Several decentralized social media platforms have emerged as promising alternatives to centralized giants like Twitter and Facebook. Platforms such as Mastodon, Nostr, Bluesky, and Matrix offer decentralized architectures in theory, spreading control across independently operated servers or nodes. In practice, however, most users currently congregate around just a few widely used nodes, creating potential points of vulnerability. Still, these platforms represent meaningful progress, and I’m genuinely optimistic about the future of decentralized social media. As more people learn to run their own independent servers and nodes, these platforms will grow increasingly robust, resilient, and truly censorship resistant.

Why these tools matter

Together, decentralization and encryption directly undermine the systems that the UK Online Safety Act and similar laws rely on, such as central checkpoints, mandated identity verification, and mass data collection. These authoritarian measures become much harder to enforce when control is distributed, data remains with individual users, and identity can be verified anonymously.

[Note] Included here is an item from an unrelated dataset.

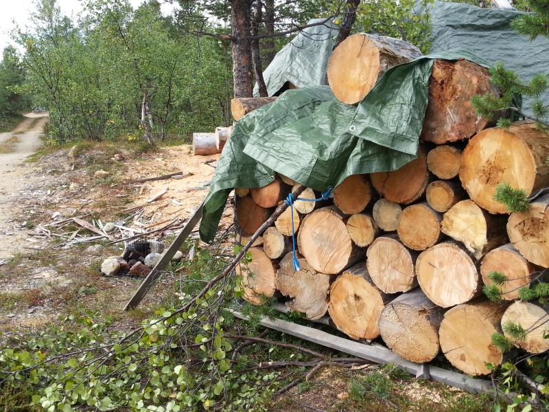 Tarinan alku; meillä on pohjoisessa muutama mökki yksityistien päässä. Tämän tien varteen tuodaan polttopuut rekalla ja lumien aikaan ne kuljetellaan kelkalla mökeille. Tein syksyllä valmiiksi pinon, joka oli huonokuntoista kelopölliä kuljetettuna sadan kilometrin takaa.
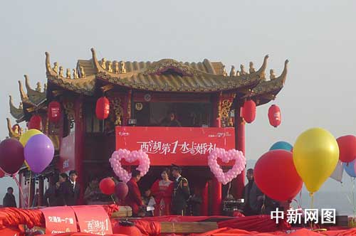 中新網(wǎng)杭州11月22日電(記者 柴燕菲 實習生 倪幼杰)今天下午,西湖上舉行了一場獨特而浪漫的水上婚禮。這是在西湖上迎來的第一對新人。更為特殊的是,婚禮的新郎是剛剛參加了國慶六十周年閱兵的戰(zhàn)士。

Decentralized technology is still young, and many tools currently lack the polished interfaces and extensive user bases of centralized platforms. You won’t yet find the same network effect as mainstream social networks. But decentralized technology holds immense promise. As governments increasingly mandate backdoors, identity checks, and documentation simply to communicate online, these decentralized alternatives represent the future of digital freedom. Their strength and resilience depend directly on collective adoption: running nodes, hosting relay services, and contributing to open-source development.

The moment to act is now

Privacy isn’t about hiding; it’s about autonomy. Decentralized technologies aren’t mere ideals. They’re practical tools for reclaiming power online. The more widely adopted these tools become, the more robust and resistant they are to centralized control. Let’s actively build, support, and embrace decentralized, encrypted alternatives, and reclaim the internet while we still have the chance.

 

Yours in privacy,
Naomi

Naomi Brockwell is a privacy advocacy and professional speaker, MC, interviewer, producer, podcaster, specialising in blockchain, cryptocurrency and economics. She runs the NBTV channel on Rumble.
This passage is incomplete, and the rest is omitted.